В чем же видят смысл бытия выжившие на войне герои их произведений? В самой жизни как она есть, в жизни каждого отдельного человека, и, прежде всего — в любви. Именно любовь занимает главенствующее место в системе их ценностей. Любовь, понимаемая как совершенный, гармоничный союз с женщиной — это и творчество, и товарищество (человеческое тепло рядом), и природное начало. Это сконцентрированная радость бытия, своего рода квинтэссенция всего, что есть стоящего в жизни, квинтэссенция самой жизни. Помимо того, любовь — самое индивидуальное, самое личное, единственно тебе принадлежащее переживание, что для "потерянных" весьма важно. По сути, доминирующая идея их произведений — идея безраздельного господства частного мира.

"потерянных" строят свой, альтернативный мир, где не должно быть места "торгашеским расчетам", политическим амбициям, войнам и смертям, всему тому безумию, которое творится вокруг. "Я не создан, чтобы воевать. Я создан, чтобы есть, пить и спать с Кэтрин", — говорит Фредерик Генри. Это кредо всех "потерянных". Они, однако, сами чувствуют непрочность и уязвимость своей позиции. Невозможно абсолютно отгородиться от большого враждебного мира: он то и дело вторгается в их жизнь. Не случайно любовь в произведениях писателей "потерянного поколения" спаяна со смертью: она почти всегда пресекается смертью. Умирает Кэтрин, возлюбленная Фредерика Генри ("Прощай, оружие!"), случайная гибель незнакомой женщины влечет за собой смерть Джея Гэтсби ("Великий Гэтсби") и т. д.

Не только гибель героя на передовой, но и смерть Кэтрин от родов, и гибель женщины под колесами автомобиля в "Великом Гэтсби", и смерть самого Джея Гэтсби, на первый взгляд, не имеющие никакого отношения к войне, оказываются связанными с ней накрепко. Эти безвременные и бессмысленные смерти выступают в романах "потерянных" своего рода художественным выражением мысли о неразумности и жестокости мира, о невозможности уйти от него, о недолговечности счастья. А эта мысль, в свою очередь, является прямым следствием военного опыта авторов, их душевного надлома, их травмированности. Смерть для них — синоним войны, и обе они — и война и смерть — выступают в их произведениях некоей апокалипсической метафорой современного мира. Мир произведений молодых писателей двадцатых годов — это мир, отрезанный Первой мировой от прошлого, изменившийся, мрачный, обреченный.

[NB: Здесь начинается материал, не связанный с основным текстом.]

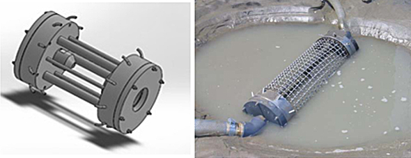 Il progetto ricorda quello che Douglas L. Inman stava sviluppando nel 1986 per mantenere una determinata profondità nei canale che separano le isole barriera della costa atlantica degli Stati Uniti e garantire il passaggio dei sommergibili nucleari in immersione per raggiungere le basi nella laguna. Si trattava di un tubo forellato (come un piffero!) immerso sul fondo e dal quale, con la marea calante, veniva fatta uscire acqua in pressione. La turbolenza metteva in sospensione i sedimenti che il flusso di marea spingeva poi verso il mare aperto. Delle catene fissate sui bordi del canale consentivano un graduale affondamento fino al raggiungimento la profondità richiesta.
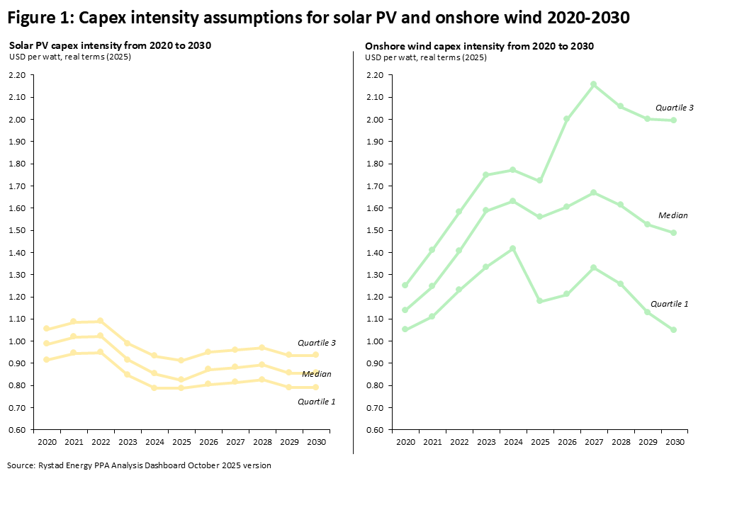 Higher capex intensity with a large geographical spread for onshore wind compared to solar PV
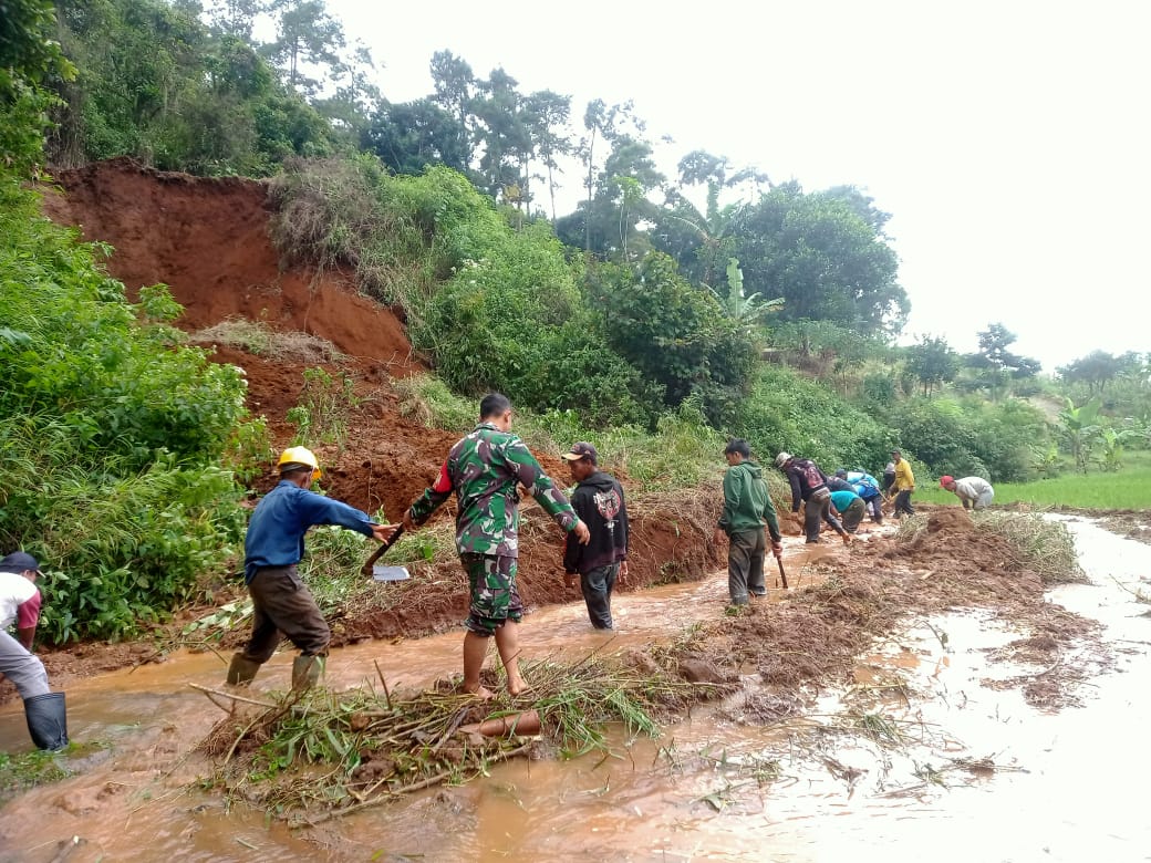 Babinsa Cepat Tanggapi Bencana Tanah Longsor di Desa Ciwalen

Прозе "потерянного поколения" свойственна безошибочно узнаваемая поэтика. Это лирическая проза, где факты действительности пропущены через призму восприятия смятенного героя, очень близкого автору. Не случайно, излюбленная форма "потерянных" — повествование от первого лица, предполагающее взамен эпически обстоятельного описания событий взволнованный, эмоциональный отклик на них.

"потерянных" центростремительна: она не развертывает человеческие судьбы во времени и пространстве, а напротив, сгущает, уплотняет действие. Для нее характерен краткий временной отрезок, как правило, кризисный в судьбе героя; он может включать в себя и воспоминания о прошлом, за счет чего происходит расширение тематики и уточнение обстоятельств, что отличает произведения Фолкнера и Фитцджеральда. Ведущий композиционный принцип американской прозы двадцатых — принцип "сжатого времени", открытие английского писателя Джеймса Джойса, одного из трех "китов" европейского модернизма (наряду с М. Прустом и Ф. Кафкой).

"потерянного поколения". Среди наиболее часто повторяющихся мотивов (элементарных единиц сюжета) — кратковременное, но полное счастье любви ("Прощай, оружие!" Хемингуэя, "Великий Гэтсби" Фитцджеральда), тщетные поиски бывшим фронтовиком своего места в послевоенной жизни ("Великий Гэтсби" и "Ночь нежна" Фитцджеральда, "Солдатская награда" Фолкнера, "И восходит солнце" Хемингуэя), нелепая и безвременная смерть одного из героев ("Великий Гэтсби", "Прощай, оружие!").

Все эти мотивы позднее были растиражированы самими "потерянными" (Хемингуэем и Фитцджеральдом), а главное — их подражателями, не нюхавшими пороха и не жившими на изломе эпох. Вследствие этого они порой воспринимаются как некие клише. Однако сходные сюжетные решения подсказывала писателям "потерянного поколения" сама жизнь: на фронте они ежедневно видели бессмысленную и безвременную смерть, они сами мучительно ощущали отсутствие твердой почвы под ногами в послевоенное время, и они, как никто, умели быть счастливыми, но их счастье часто было мимолетным, потому что война разводила людей и ломала судьбы. А обостренное чувство трагического и художественное чутье, свойственные "потерянному поколению", диктовали их обращение к предельным ситуациям человеческой жизни.

Стиль "потерянных" также узнаваем. Типичная для них проза — это внешне беспристрастный отчет с глубинным лирическим подтекстом. Произведения Э. Хемингуэя особенно отличает крайний лаконизм, порой лапидарность фраз, простота лексики и огромная сдержанность эмоций. Лаконично и почти сухо решены в его романах даже любовные сцены, что заведомо исключает всякую фальшь в отношениях между героями и, в конечном счете, оказывает на читателя исключительно сильное воздействие.

Большинству писателей "потерянного поколения" суждены были еще годы, а некоторым (Хемингуэю, Фолкнеру, Уайлдеру) и десятилетия творчества, но один лишь Фолкнер сумел вырваться из определенного в 20-е круга тем, проблематики, поэтики и стилистики, из магического круга щемящей печали и обреченности "потерянного поколения". Общность "потерянных", их духовное братство, замешанное на молодой горячей крови, оказалось сильнее продуманных выкладок различных литературных групп, которые распадались, не оставляя следа в творчестве их участников.